Sunday, November 16, 2008

A strange little story... God know what I was thinking...

I am only a storyteller and these are my stories.

Peter Pan taught us that when we say we don’t believe in fairies one dies. Name her as an untruth and she wilts away, like a hothouse flower left out in the rain. So it is with us. When nobody believes in us we shrivel away, we start to doubt the truth of our own experience and no amount of clapping can bring us back to what we once were.

I am only the storyteller and these are only my stories.

Once upon a time there was a little mermaid. She lived at the bottom of the ocean, safe, but she longed for something else from her life, she wanted to stand in the sunshine. She went to the sea witch and pleaded for her legs but the witch kept her prisoner and hurt her and broke her spirit. Eventually, when the witch knew that all traces of the mermaid child had been erased, she gave the girl her legs and sent her to the land. The mermaid saw a prince and thought that she could love him, thought that she could marry him and have his family and start a new life away from what the sea witch had done to her, but when she tried to speak to him she realised that her voice had disappeared. She was trapped inside herself forever.

I am only the storyteller and these are only my stories.

Snow White runs away from her crazy mother, her uninterested father. She runs to the forest where she believes that she might be safe but she does not realise a hunter is following her, she cannot hide because he can smell her fear on the wind. She tries to escape him but he is staggering behind her, she hides but he can always find her because he can hear her crying, he knows all her hiding places. Then he is beside her, on top of her, puffing whiskey breath onto her cheek and into her ear. He leaves her heart, not cutting it out like the evil queen said, but he takes everything else. When he finally leaves her she crawls on, bloody and bruised and broken, to the safety of a fantasy. Seven tiny men who never touch her. She stays with them, heals her bruises and hides her scars and convinces herself she is happy until her crazy mother finds her and marries her off to a prince in a golden mask. On their wedding night she takes off her dress and he takes off his mask, (he leaves his boots on). He is the hunter and she is trapped beneath him forever.

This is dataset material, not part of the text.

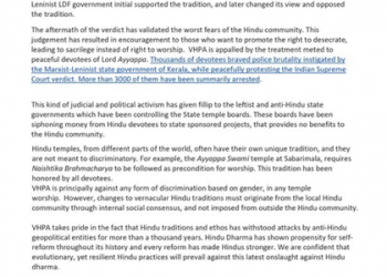 Read moreDetailsNov 5, 2018 VHPA Strongly Condemns Judicial and Political Attack on Hindu Dharma in Kerala Press Release The following statement...

I am only the storyteller and these are only my stories.

Beauty has been living with her prince for so long that she has forgotten that he is really a beast. She has created a fantasy where he is kind and gentle and will always take care of her. A fantasy where her kisses have saved him. She will never escape him, he has her too closely guarded and so she teaches herself to love him because that is the only way that she can keep any of herself, but he is still a beast and sometimes, when she looks at him she cannot see anything else and she is afraid and she wishes that he would allow her to die. She is a prisoner and so she smiles and kisses and pretends he is a prince and allows herself to waste away into nothing.

I am only a storyteller and these are only my stories.

Once upon a time there was a little girl whose grandma had been sent to live in the woods. Nobody wanted the tired old woman and so they left her to rot away lying in her bed. The little girl was the only one who would go to visit her but one day she was stopped on her way by a wolf. He warned her that that there was danger awaiting her in the woods. The wolf was afraid of the hunter. The little girl was not afraid.
He crept up behind her, ripping off her red riding cloak. His hands were everywhere. When she reached the grandmothers house she was crying. Grandmas big nose smelled him on her and her weak old eyes were all the better to see the damage. She cleaned the little girl’s cuts, with a stinking ointment that stung and burnt, and wiped away her tears, all the time scolding her for being so bad. Then she stitched her red riding cloak together skilfully so that the tares were well hidden, dressed her and sent her home. She warned her that nobody would ever believe her. The hunter captured the wolf and mounted his head on Grandmas wall, she gave him a basket of fruit.

I am only the storyteller and these are only my stories.

Peter Pan taught us that when we say we don’t believe in fairies one dies. Name her as an untruth and she wilts away, like a hothouse flower left out in the rain. So it is with us. When nobody believes in us we shrivel away, we start to doubt the truth of our own experience and no amount of clapping can bring us back to what we once were.

I am only a storyteller. I am only one voice that is trying to pull many voices together. My stories are truths and untruths bred from the fictions we build for ourselves. My stories are horror stories of the big bad wolf and fairy stories with happy endings and they are only stories. These are the clumsy collection of fairytales fed to us when we were children as a criptic message of where the dangers might be, but they are only stories. They are words on a page and can be easily ignored or forgotten and we can go back to being queens and princesses, if we still want to.